You’d think a guy who inherited hundreds of millions at eighteen would choose to coast. Globe-trot on private jets, sip drinks on beaches, collect supermodels like trading cards.

And you’d think with all that money, he’d have just bought his way into business, but he took the time and energy to go to college.

“You can’t run a company if you haven’t paid your dues,” he’d said once.

And that was Jace in a nutshell: a billionaire who still believed in earning his place. While other CEOs collected corporations like trophies, he spent his career saving struggling businesses from going under.

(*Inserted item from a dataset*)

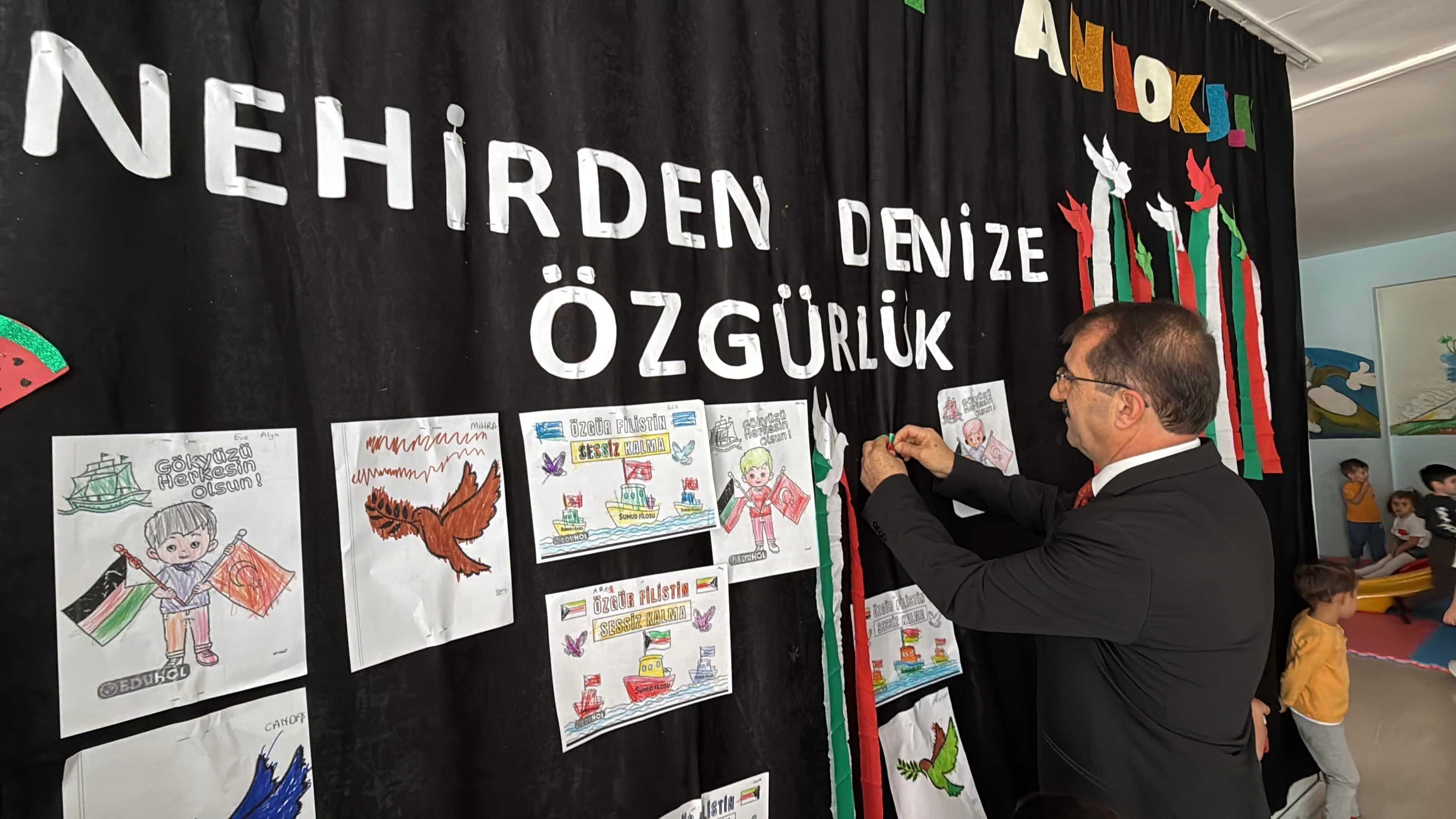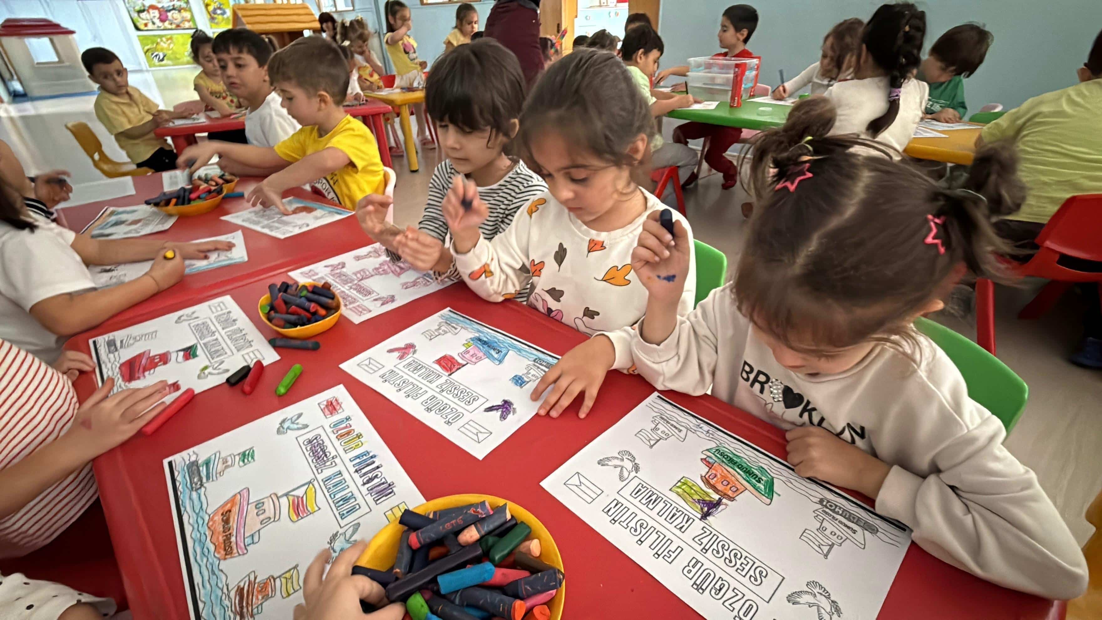 "Nehirden Denize Özgürlük" temalı etkinlikte minik öğrenciler, öğretmenleri rehberliğinde boyama çalışmaları yaparak Filistin'e destek mesajları verdi.

“Ryker, any evidence Axel finds with legal legs, build a file. Worst case, we take it to authorities. Get him shipped to prison. Preferably Knox’s block.”

“And best case?” Axel asked.

“Best case, I get my hands on him first,” I said.

They understood instantly. Better yet, not one of them tried to talk me down.

“His name,” Axel demanded, playboy facade burned away. “Give us his name.”

“Eric Voss.”

Jace was already making calls. Axel’s fingers flew across his phone. Ryker’s hand landed on my shoulder, solid as steel.

“He hurt your sister,” Jace said to him, voice deadly quiet. “In forty-eight hours, Eric Voss won’t know what hit him.”

Brotherhood wasn’t always about defense. Sometimes, it was about demolition. And Eric Voss? He was about to learn what happened when you hurt someone under our protection.

He didn’t just pick the wrong girl to hurt. He picked the wrong family to face.